> [Provided data]:

..............................

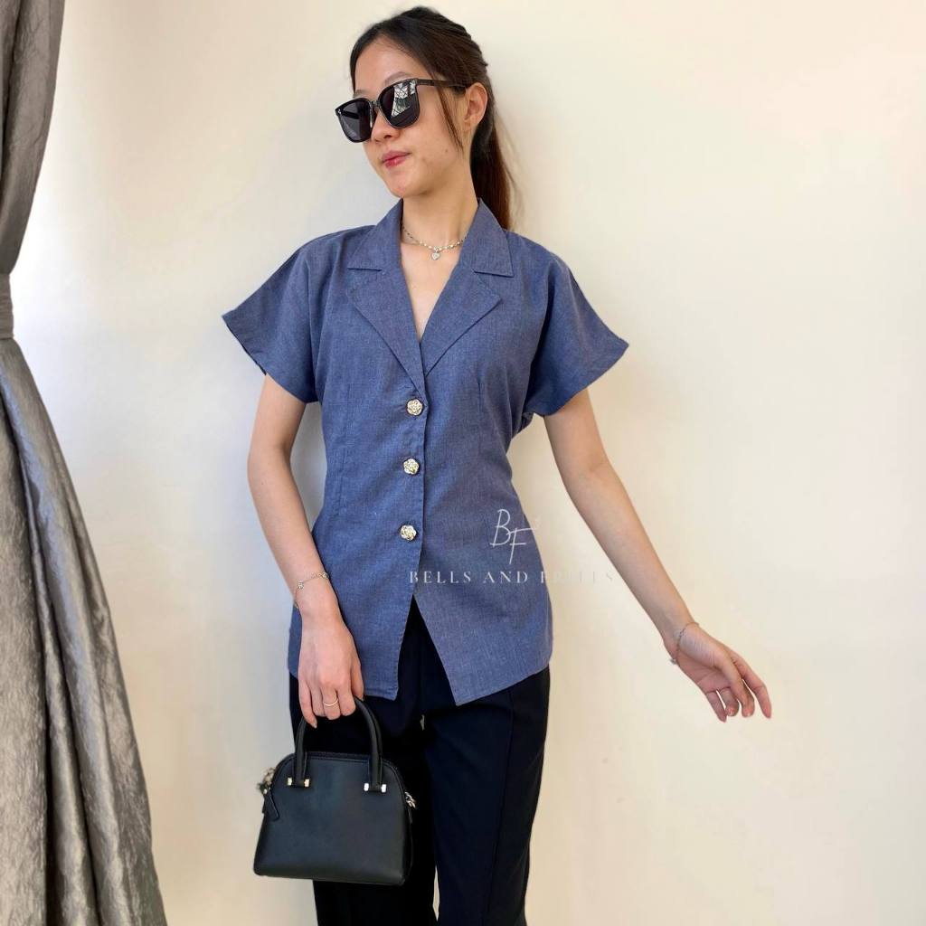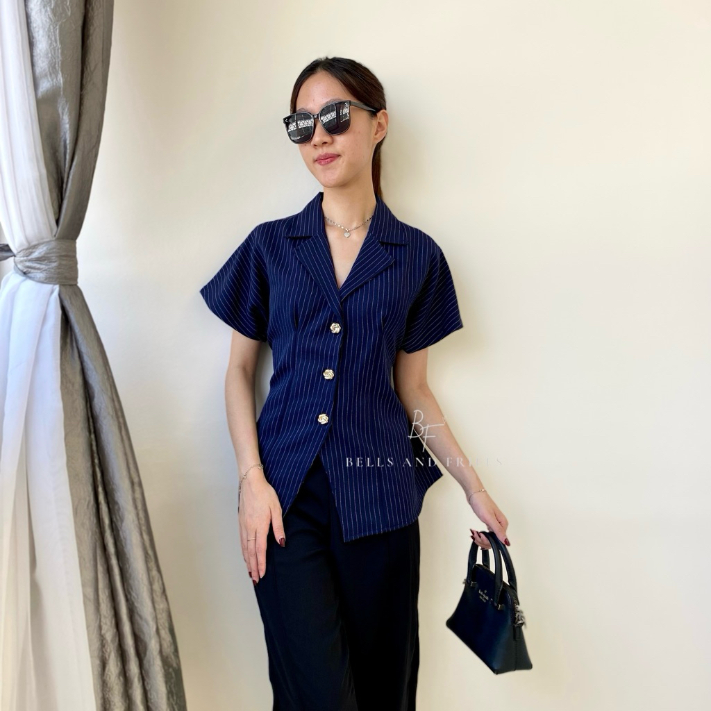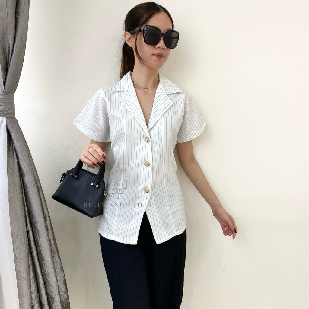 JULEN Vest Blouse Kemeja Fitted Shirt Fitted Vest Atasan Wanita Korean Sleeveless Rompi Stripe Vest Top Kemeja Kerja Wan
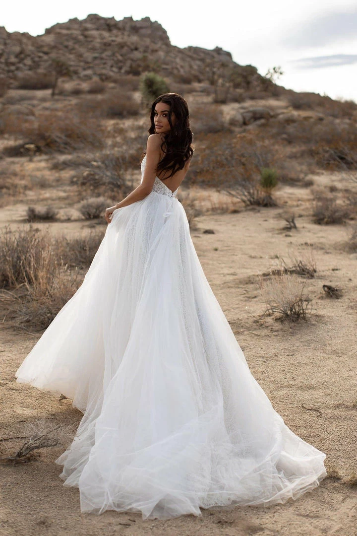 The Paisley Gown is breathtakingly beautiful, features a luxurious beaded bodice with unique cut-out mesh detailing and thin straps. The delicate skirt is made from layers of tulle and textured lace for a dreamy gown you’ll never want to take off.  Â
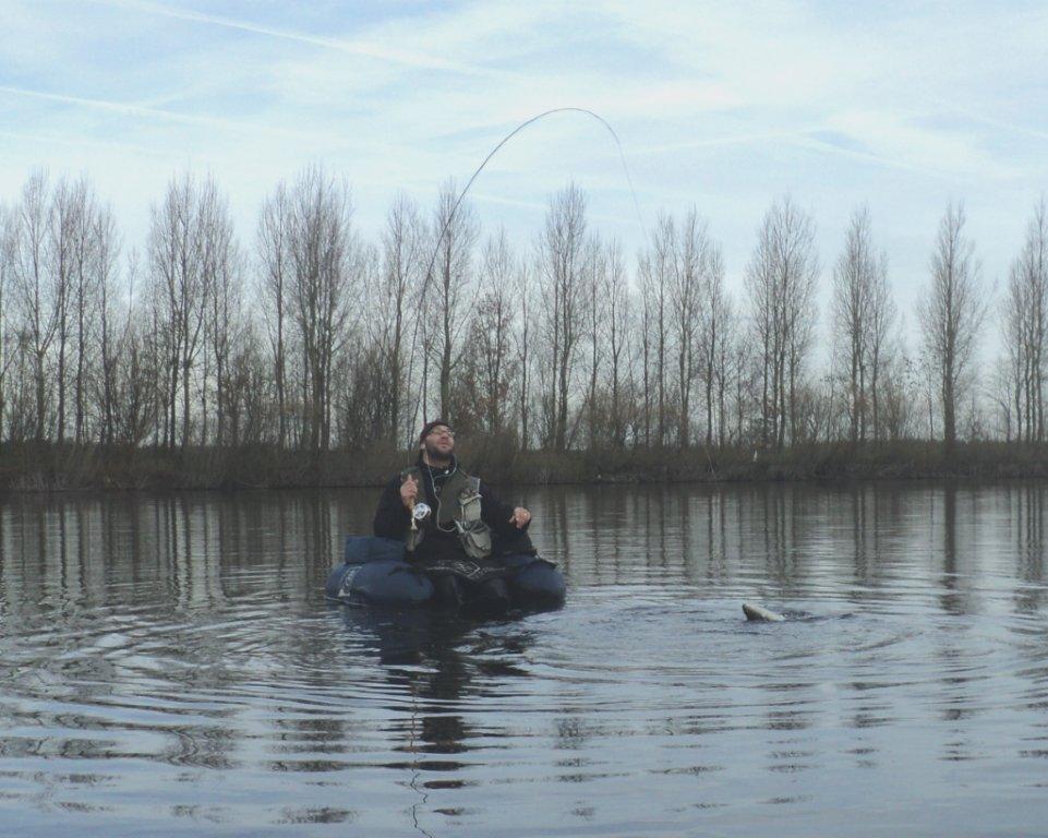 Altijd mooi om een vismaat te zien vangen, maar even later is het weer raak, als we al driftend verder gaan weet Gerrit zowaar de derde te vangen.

..............................

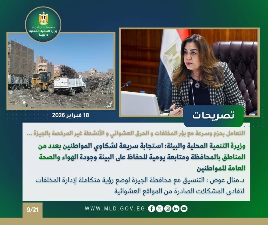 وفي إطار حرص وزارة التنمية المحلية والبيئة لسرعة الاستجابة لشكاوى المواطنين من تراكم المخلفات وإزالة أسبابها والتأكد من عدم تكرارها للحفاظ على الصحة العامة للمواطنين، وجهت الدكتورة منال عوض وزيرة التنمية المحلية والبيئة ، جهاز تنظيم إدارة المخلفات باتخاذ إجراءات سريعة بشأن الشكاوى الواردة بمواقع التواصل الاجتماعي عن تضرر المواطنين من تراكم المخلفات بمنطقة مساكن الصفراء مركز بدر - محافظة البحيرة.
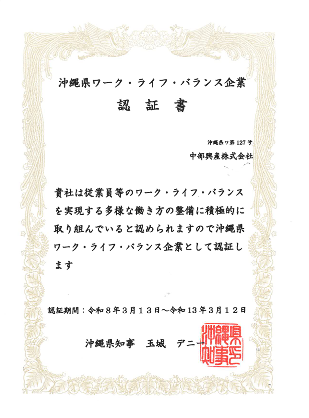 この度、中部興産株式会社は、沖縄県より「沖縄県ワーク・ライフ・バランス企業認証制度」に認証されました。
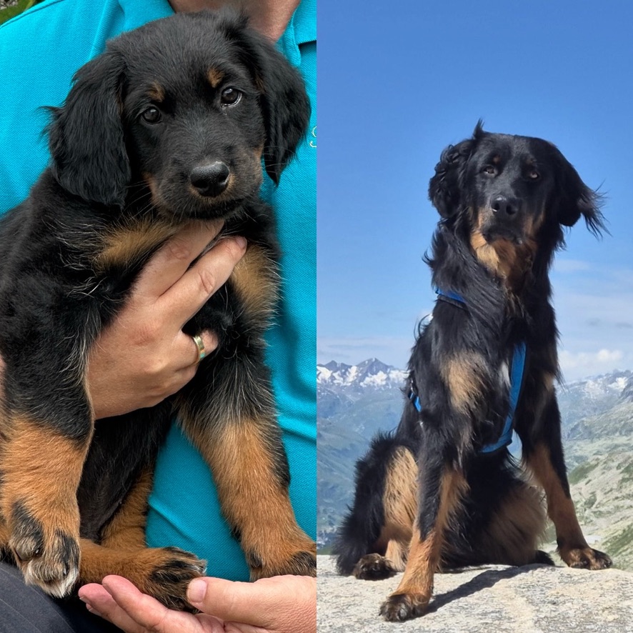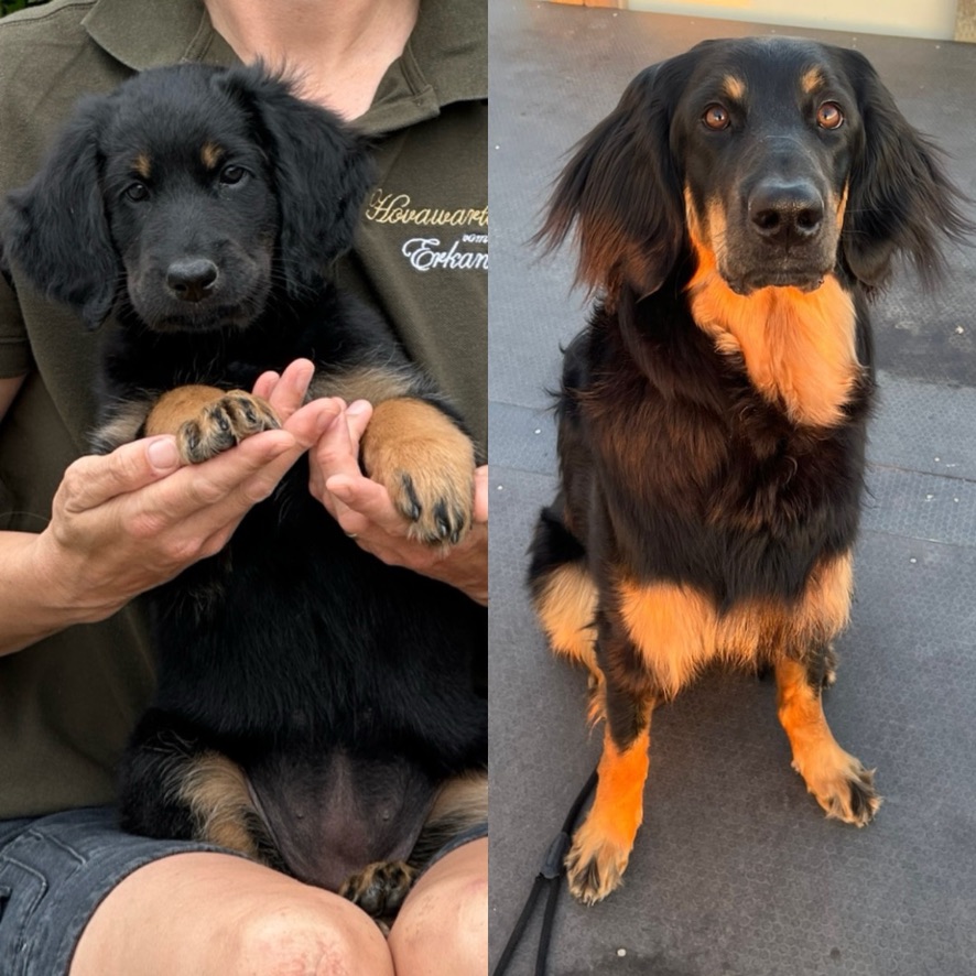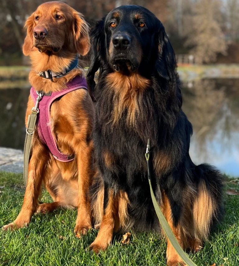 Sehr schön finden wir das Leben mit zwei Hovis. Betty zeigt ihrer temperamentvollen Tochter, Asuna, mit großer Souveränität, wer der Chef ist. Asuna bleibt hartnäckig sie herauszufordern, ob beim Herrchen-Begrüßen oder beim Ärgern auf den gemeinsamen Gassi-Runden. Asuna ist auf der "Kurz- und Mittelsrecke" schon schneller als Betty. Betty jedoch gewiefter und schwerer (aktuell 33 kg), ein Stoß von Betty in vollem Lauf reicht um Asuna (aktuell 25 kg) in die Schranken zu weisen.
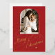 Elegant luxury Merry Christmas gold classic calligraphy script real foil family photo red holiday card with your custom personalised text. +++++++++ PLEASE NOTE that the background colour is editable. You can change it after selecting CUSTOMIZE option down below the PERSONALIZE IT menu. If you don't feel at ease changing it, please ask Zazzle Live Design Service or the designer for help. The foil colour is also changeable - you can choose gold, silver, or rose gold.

..............................

Because only one stretch of the records is wanted, please output the lines from the one holding "JULEN Vest Blouse" through the one holding "The Paisley Gown" exactly, both included, and leave every picture out.

> [Answer to this problem]:
 JULEN Vest Blouse Kemeja Fitted Shirt Fitted Vest Atasan Wanita Korean Sleeveless Rompi Stripe Vest Top Kemeja Kerja Wan
 The Paisley Gown is breathtakingly beautiful, features a luxurious beaded bodice with unique cut-out mesh detailing and thin straps. The delicate skirt is made from layers of tulle and textured lace for a dreamy gown you’ll never want to take off.  Â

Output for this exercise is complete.